Many years ago , in Teddy’s hometown there was a man who was called “Bone Collector”. This man like to collect varies of bones , such as dog’s , cow’s , also he went to the grave …
The bone collector had a big bag with a volume of V ,and along his trip of collecting there are a lot of bones , obviously , different bone has different value and different volume, now given the each bone’s value along his trip , can you calculate out the maximum of the total value the bone collector can get ?
Input
The first line contain a integer T , the number of cases.
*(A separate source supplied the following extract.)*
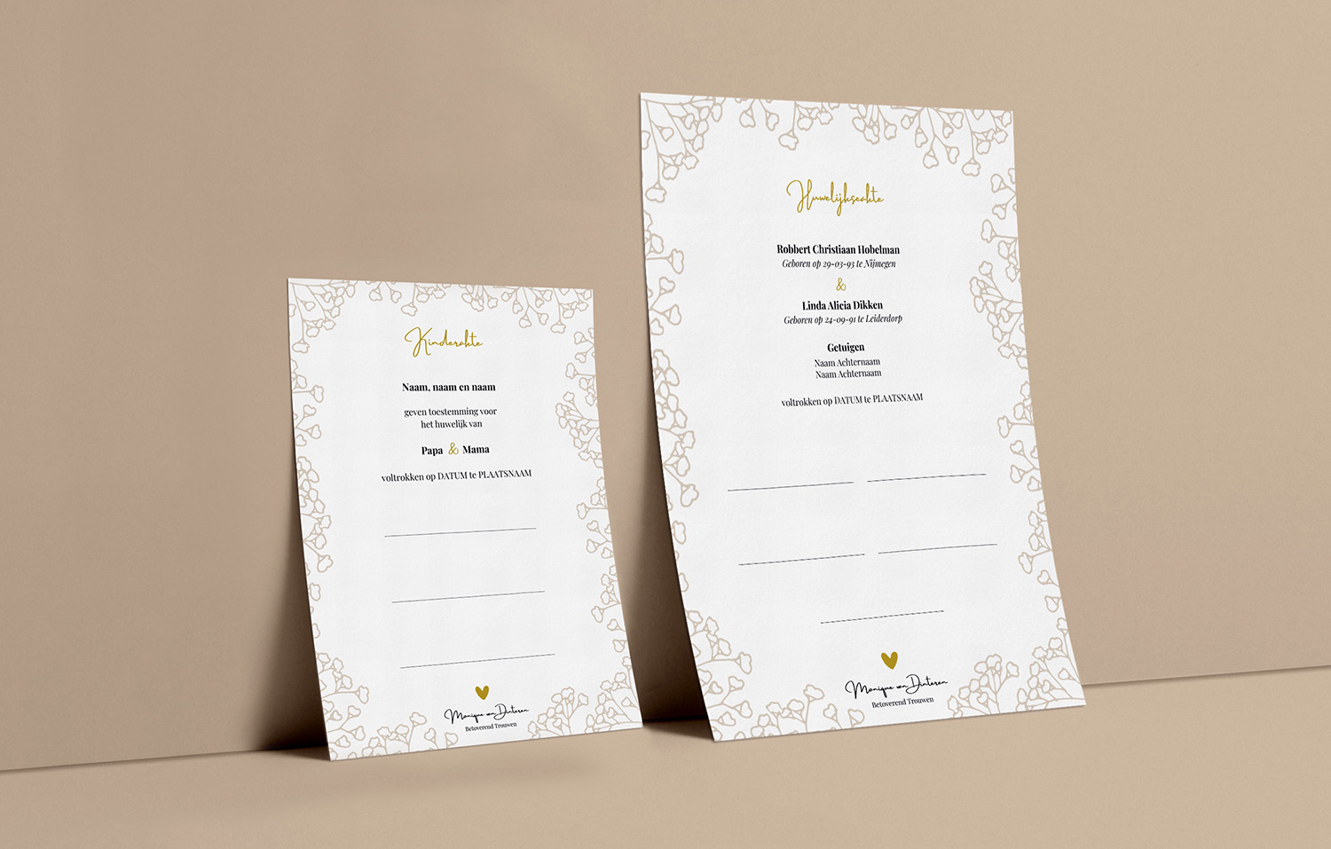 September 2022 mochten wij gebruik maken van Monique haar diensten als trouwambtenaar. En nu mochten wij voor haar aan de slag voor een nieuwe branding. Doordat we zelf onder haar doelgroep vallen én we elkaar inmiddels kende konden we direct aan de slag. Gipskruid, een klein romantisch bloemetje, werd de basis van de branding. In combinatie met het goudfolie geeft het het geheel een chique look. Zie hieronder een deel van het eindresultaat.

Followed by T cases , each case three lines , the first line contain two integer N , V, (N <= 1000 , V <= 1000 )representing the number of bones and the volume of his bag. And the second line contain N integers representing the value of each bone. The third line contain N integers representing the volume of each bone.
Output
One integer per line representing the maximum of the total value (this number will be less than 231).
Sample Input
1
5 10
1 2 3 4 5
5 4 3 2 1
Sample Output
14
挺久没刷DP题了,先来一个01背包预热一下
#include<iostream>
#include<cstring>
#include<stdlib.h>
#include<stdio.h>
using namespace std;
int dp[1001][1001];
int w[1001],v[1001],W,n;
int max(int a,int b)
{
if(a>=b) return a;
else return b;
}
void solve()
{
for(int i=n-1;i>=0;i--)
{
for(int j=0;j<=W;j++)
{
if(j<w[i]) dp[i][j]=dp[i+1][j];
else dp[i][j]=max(dp[i+1][j],dp[i+1][j-w[i]]+v[i]);
}
}
cout<<dp[0][W]<<endl;
}
int main()
{
int i,j,k;
scanf("%d",&k);
for(i=0;i<k;i++)
{
scanf("%d %d",&n,&W);
for(j=0;j<n;j++)
{
scanf("%d",&v[j]);
}
for(j=0;j<n;j++)
{
scanf("%d",&w[j]);
}
solve();
W=n=0;
memset(dp,0,sizeof(dp));
memset(v,0,sizeof(v));
memset(w,0,sizeof(w));
}
return 0;
}